Week 1 ML Flashcards
Scientific Approach
- Systematic pursuit of knowledge
- Logical steps: Problem - Hypotheses
- Data collection: Observation of behaviour or experimentation
- Test hypotheses and draw conclusions
Research Methods
The systematic approach to answering questions
Statistics
- Numbers that summarise observations
- Mathematical procedures to produce those numbers
Scientific Method
- Theory
- Hypothesis
- Exp/Observe (research methods)
- Evidence (statistics)
- Theory
Testing hypothesis
- Reproducible observation of the hypothesised effect in action
- Controlled (reproducible) circumstances
- Empirically observed
- Variables measured and/or controlled
- Alternative explanations controlled/eliminated
- Observation/interpretation is unbiased
The scientist practitioner model
Furthers understanding through research
• Consumers of research
• Evidence-based practice
• Inform own practice and methodology
Scientific Enquiry
- Choose something to observe
- Choose method of observation
- Describe observations
- Identify variation in observations
- Explain variations
Types of data
Categorical
- > Nominal
- > Ordinal
Continuous
- > Interval
- > Ratio
Nominal data
refers only to identity information, that is values are ascribed that have no inherent order, or magnitude.

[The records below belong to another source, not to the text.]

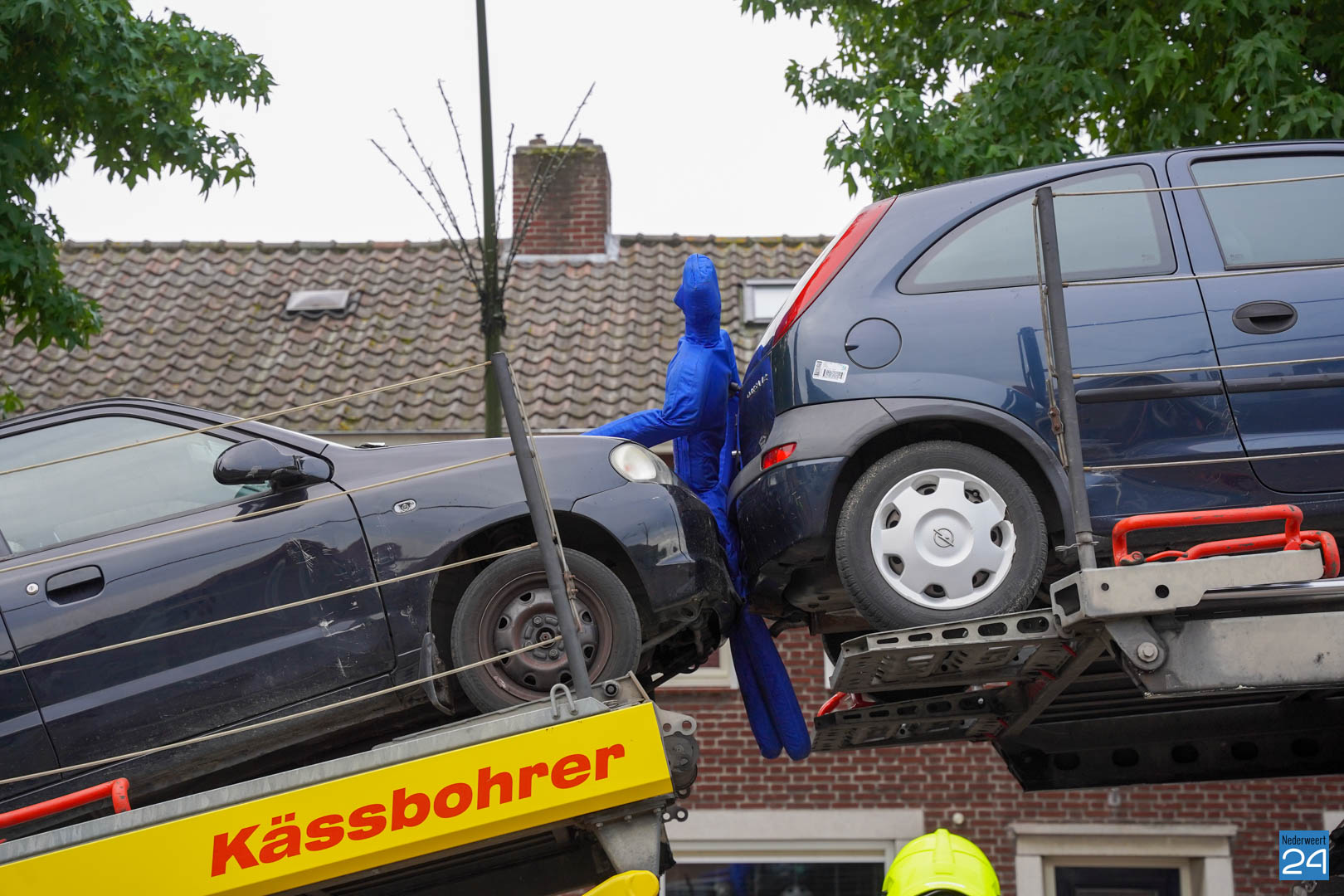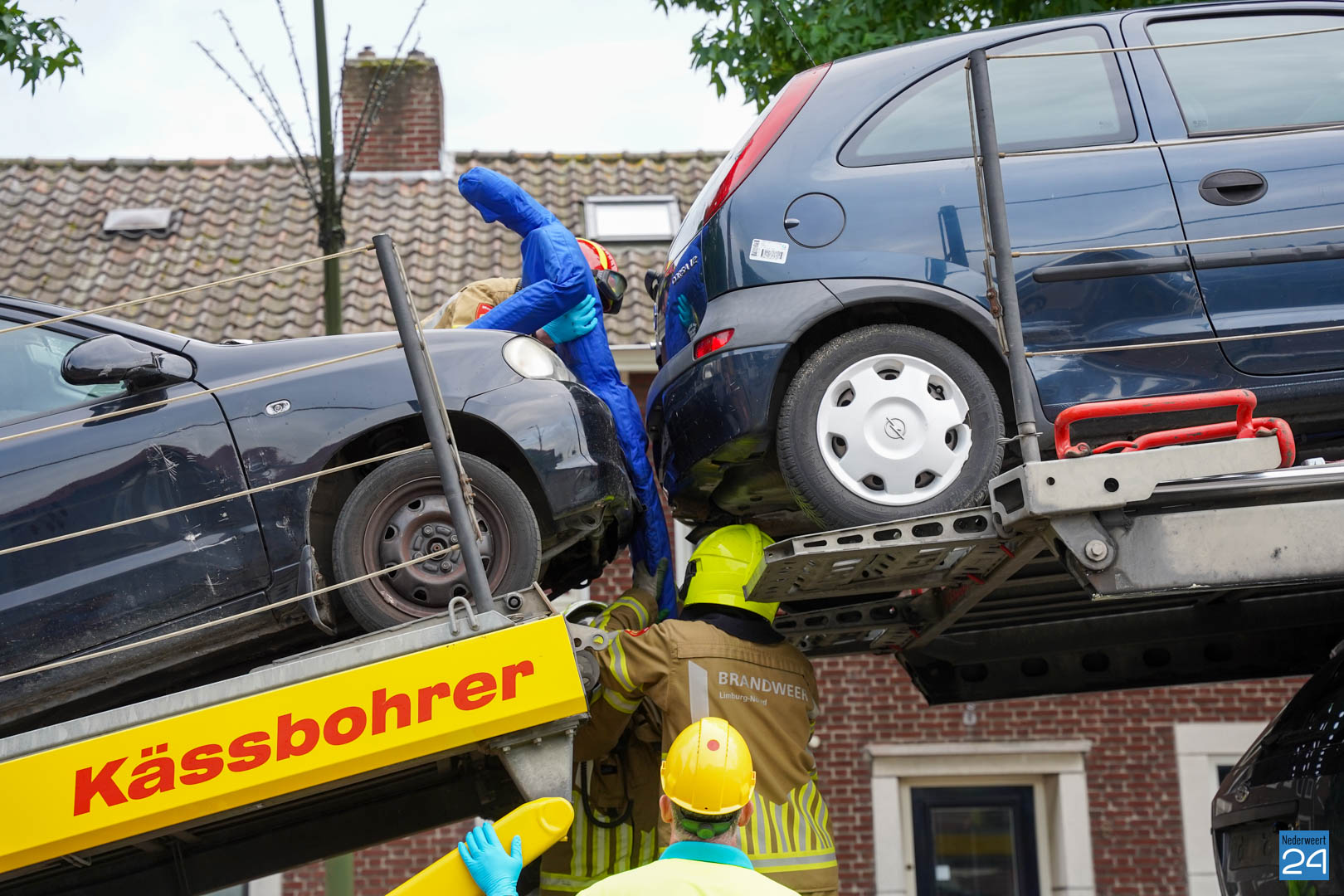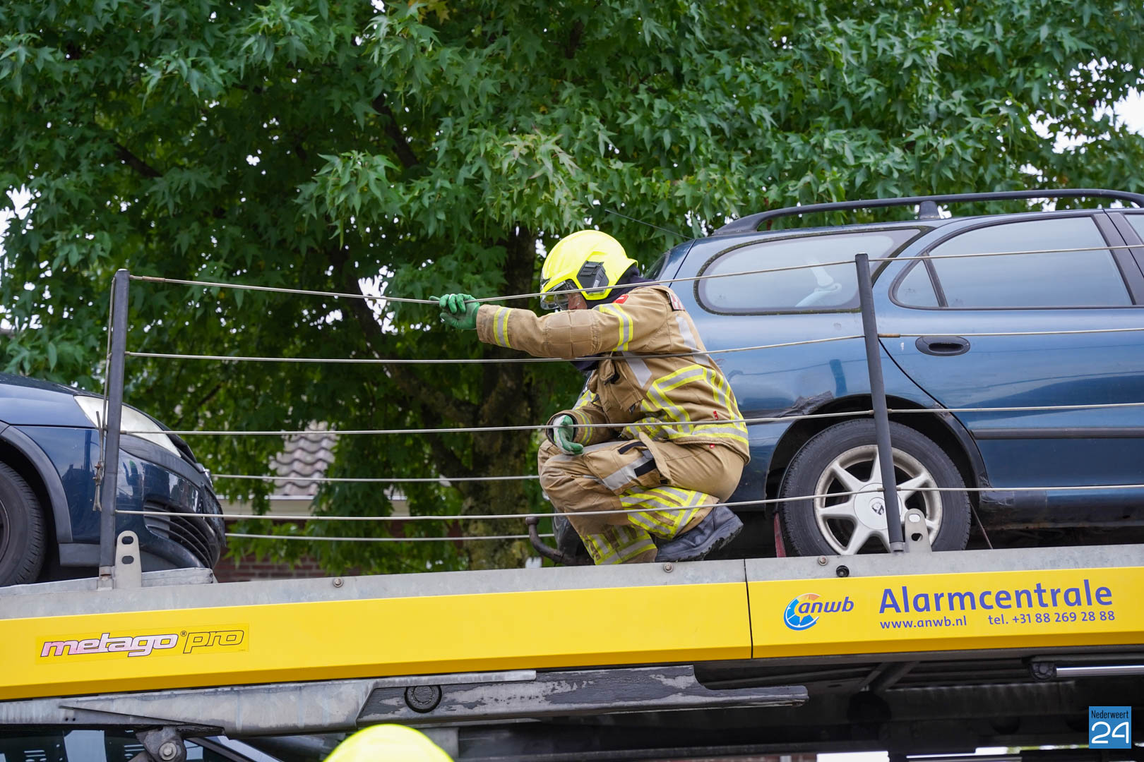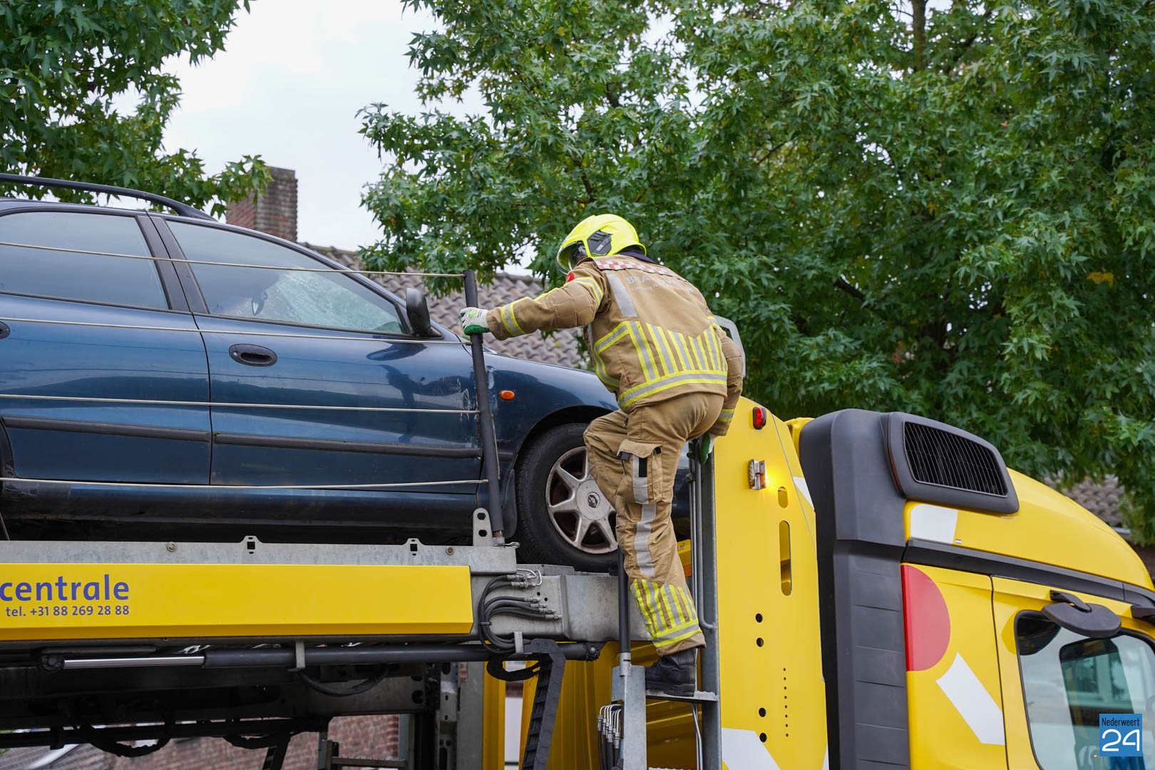 Een van de oefeningen waarmee de ploeg van Nederweert aan de slag ging startte vanmorgen al vroeg in Meijel. Een persoon zat zogenaamd klem tussen twee auto’s die boven op een berger stonden. Het was natuurlijk van belang dat deze persoon zonder te veel letsel tussen de auto’s uit werd gehaald. Door het samenwerken met het ambulancepersoneel werd de persoon tussen de twee auto’s gehaald en gestabiliseerd.
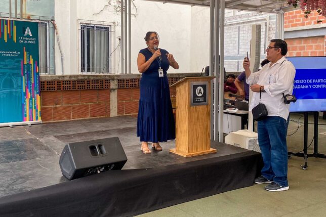 En la primera ronda de las entidades receptoras intervinieron los representantes de Kolectivoz, del Instituto Superior Tecnológico Guayaquil (ISTG), del Consejo de Participación Ciudadana y Control Social (CPCCS), de la ESPOL Cultural y del Teatro Gestus, cada uno indicando de sus actividades y proyectos, así como su relacionamiento con la UArtes. Fue el caso del CPCCS que ponderó el trabajo de vinculación con la sociedad desarrollado con nuestros estudiantes; este corresponde a Ánima, que dirige el docente Jorge Tigrero, el cual ha desarrollado productos artísticos-pedagógicos como material de apoyo para difundir deberes y derechos ciudadanos.
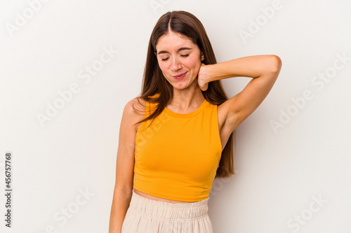 Young caucasian woman isolated on white background having a neck pain due to stress, massaging and touching it with hand.
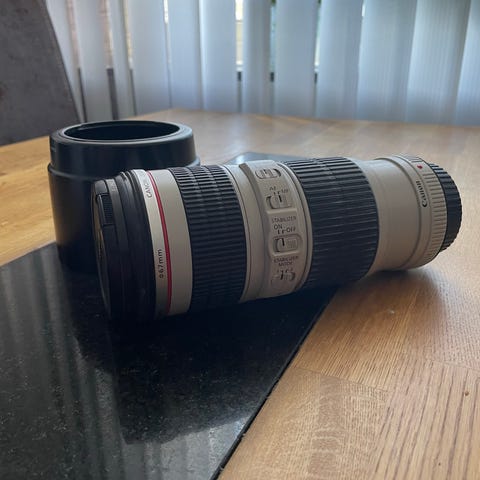 Canon EF 70-200mm telezoomobjektiv i vit färg. Objektivet har brännviddsomfånget 70–200mm och är utrustat med ultraljudsmotor (Ultrasonic) för snabb och tyst autofokus. Passar Canon EOS-kameror med EF-fattning. Objektivet har zoom- och fokusringar samt stativfäste för stabil montering vid användning med stativ. Lämpligt för exempelvis sport-, natur- och porträttfoto där längre brännvidd behövs.
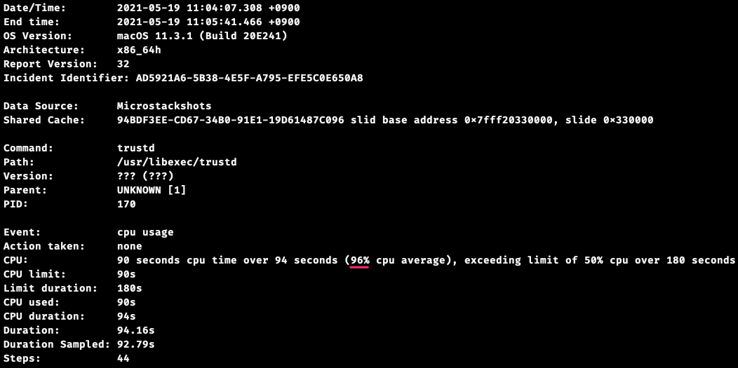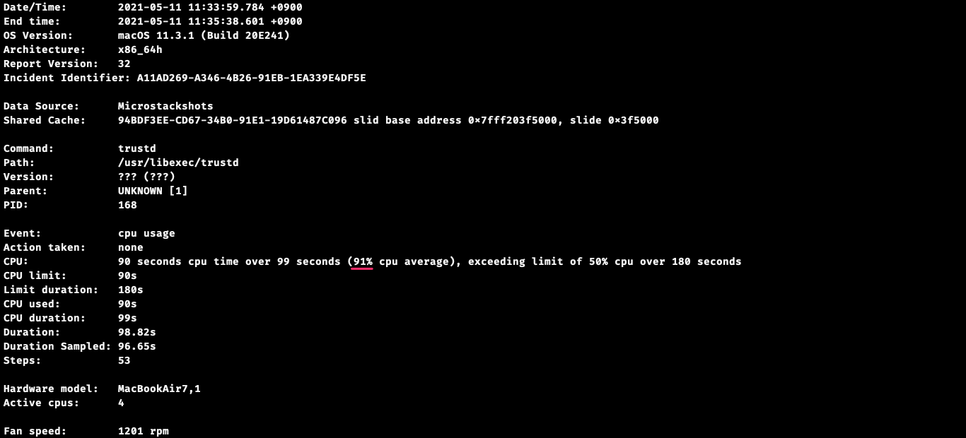 下記のリンク先の人は May 5, 2021 11:41 PM からのようです。そういえば数日前にも trustd が暴走したことがあったような?
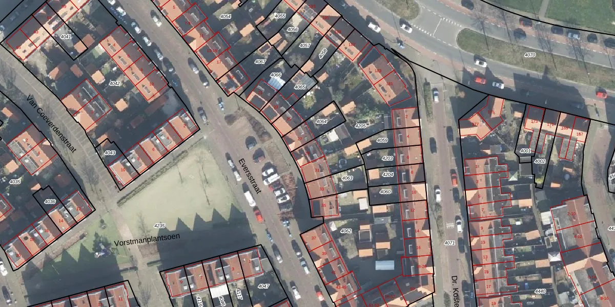 Het perceel waarop Eversstraat 29 staat heeft een oppervlakte van 1180 m². Dit is een zeer groot perceel. De perceeloppervlakte wordt geregistreerd door het Kadaster. Gedetailleerde informatie over de maten van dit perceel kunt u vinden in het rapport Kadastrale kaart met maatvoering van Eversstraat 29.
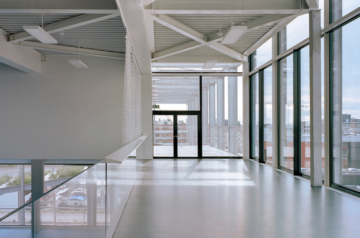 Et écologie oblige, ce bâtiment passif et durable est raccordé au système de chauffage utilisé dans le projet voisin de nouveaux quais (Nieuwe Dokken), où une partie des besoins en chauffage est alimentée par des déchets organiques et les eaux usées, le reste des besoins étant couvert par une entreprise voisine. Ce projet offre une expression subtile et épurée, où se côtoient une boîte pleine et une boîte creuse.
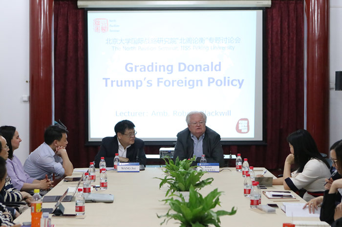 2019年5月13日晚上,北京大学国际战略研究院举办第34期“北阁论衡”系列讲座。美国对外关系委员会亨利·基辛格高级研究员,曾任哈佛大学肯尼迪政府学院副院长、美国驻印度大使的罗伯特·布莱克威尔(Robert D. Blackwill)以“给特朗普外交政策打分”(Grading Donald Trump’s Foreign Policy)为题做讲座。本次讲座由北京大学国际战略研究院院长、北京大学国际关系学院教授王缉思主持。
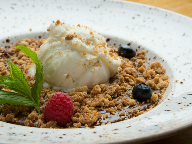 Το πρώτο που προσγειώθηκε μπροστά μου ήταν μια βελουτέ σοκολάτας με παγωτό βανίλιας Μαγαδασκάρης και crumble αμυγδάλου. Μόλις βούτηξα το κουτάλι μου, από την μία πόνεσε η ψυχή μου που χαλούσα την υπέροχη εμφάνιση του, αλλά, τη στιγμή που ακούμπησε τον ουρανίσκο μου, τα λησμόνησα όλα.
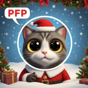Christmas cat PFPs show festive cats with funny expressions. Perfect for holiday season profiles that feel cute and joyful.
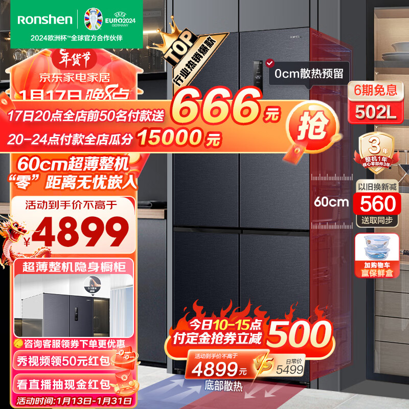 容声(Ronshen)【60cm平嵌】502L十字双开四开门多门超薄零距离嵌入式一级变频底部散热家用无霜超大容量冰箱 灰色 星空灰BCD-502WD1FPQ价格:5399.00元!
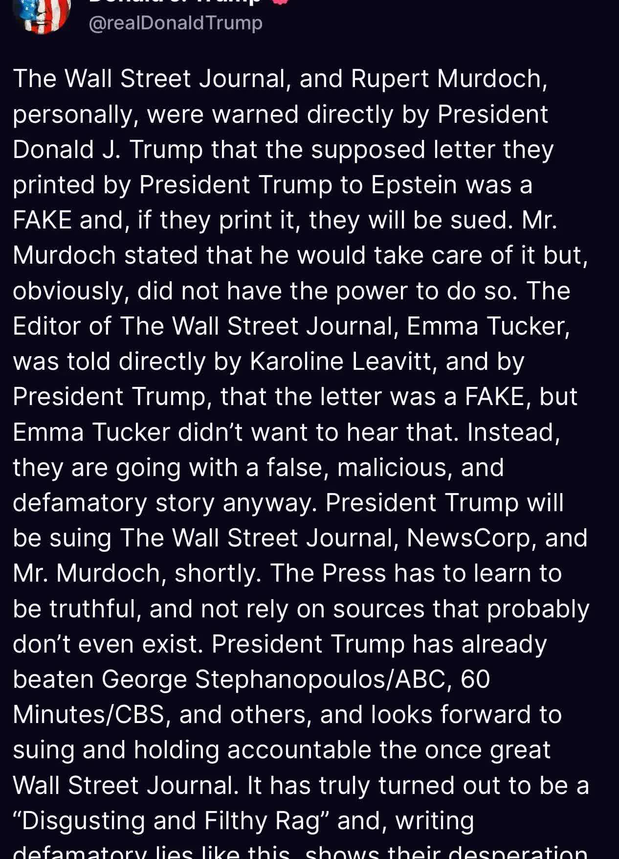 华尔街日报爆料特朗普曾为爱泼斯坦50大寿写“粗俗贺信”。2003年,爱泼斯坦的前女友兼妈妈桑麦克斯韦为一本生日纪念册收集了来自特朗普及爱泼斯坦其他数十位熟人的信件。这本皮革装订的纪念册中信件风格类似。特朗普信件中有几行打字文字,边框则勾勒出一个女性的轮廓…总之就是内容粗俗。 这封信内容被设计成一段特朗普与爱泼斯坦之间的虚构对话,以第三人称的形式呈现。 文字开头写道:生活中一定还有比拥有一切更重要的东西。 特朗普:是的,确实有,但我不会告诉你是什么。 爱泼斯坦:我也不会,因为我也知道那是什么。 特朗普:我们之间有些共同点,杰弗里。 爱泼斯坦:确实如此,现在想想也是。 特朗普:谜一样的人从不会老去,你注意到了吗? 爱泼斯坦:事实上,我上次见你时就很清楚了。 特朗普:朋友是一件美好的事情。生日快乐——愿每一天都成为另一个美妙的秘密。 在周二晚间接受《华尔街日报》采访时,特朗普否认写过这封信或画过那幅画。“我这辈子从没画过画。我不会画女人。”“那不是我的语言,也不是我说的话。” 华尔街日报发表这篇报道后,特朗普立即宣布起诉!他在声明中说:《华尔街日报》及鲁珀特·默多克本人曾被特朗普直接警告,称该报所声称刊登的特朗普写给爱泼斯坦的信件是伪造的;若报道刊出,他将提起诉讼。默多克先生当时表示会处理此事,但显然他并没有能力阻止这一报道。《华尔街日报》主编艾玛·塔克也被白宫新闻秘书卡罗琳·莱维特及特朗普本人亲自告知,这封信是伪造的,但塔克对此置若罔闻。 相反,该报仍决定刊登这篇虚假、恶意且具诽谤性的报道。特朗普表示,他即将对《华尔街日报》、新闻集团(NewsCorp)及默多克本人提起诉讼。
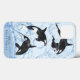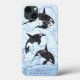 Incrível cor d'água orcas arte de nadar e saltar orcas e uma orca bebê com água e ondas.

For example, gender, nationality, or the number assigned in a race are all types of nominal data
-> names of things without meaning
Ordinal data
describes identity, but has magnitude.
For example, medal positions in a race are types of ordinal data. They have a sequential order (the gold medalist beat the silver medalist beat the bronze medalist), but this measure doesn’t tell us anything about the interval between each competitor, they are categorised as 1 - 2 - 3
-> data that is ordered without fixed intervals
Interval data
a continuous type of variable, measuring identity and magnitude and fixed intervals between units of measurement.
For example, temperature. Here, the difference between 20 degrees and 30 degrees is the same as between 60 degrees and 70 degrees. We can order our data points by magnitude as we do with ordinal data, but we can also quantify the amount of difference between data points.
-> data that has fixed intervals allowing us to order it
Ratio data
identity, magnitude, fixed interval and there is a true zero.
For example, the time a race is run cannot be a negative value.
-> time, height, where there are fixed intervals but there is a “true zero” which the data can not run under
Descriptive statistics
- Each observation is a “Datum”: Plural is “Data”
- A bunch of data is often called a “Data Set”
- Different types of data are analysed in different ways
- Most basic description is how frequently similar observations occurred
- Easiest description to follow is a picture
Data through pictures
- Bar graph
- Line graph
- Pie chart
- Scatter Plot
Categorical data through pictures
- Pie chart
- Bar graph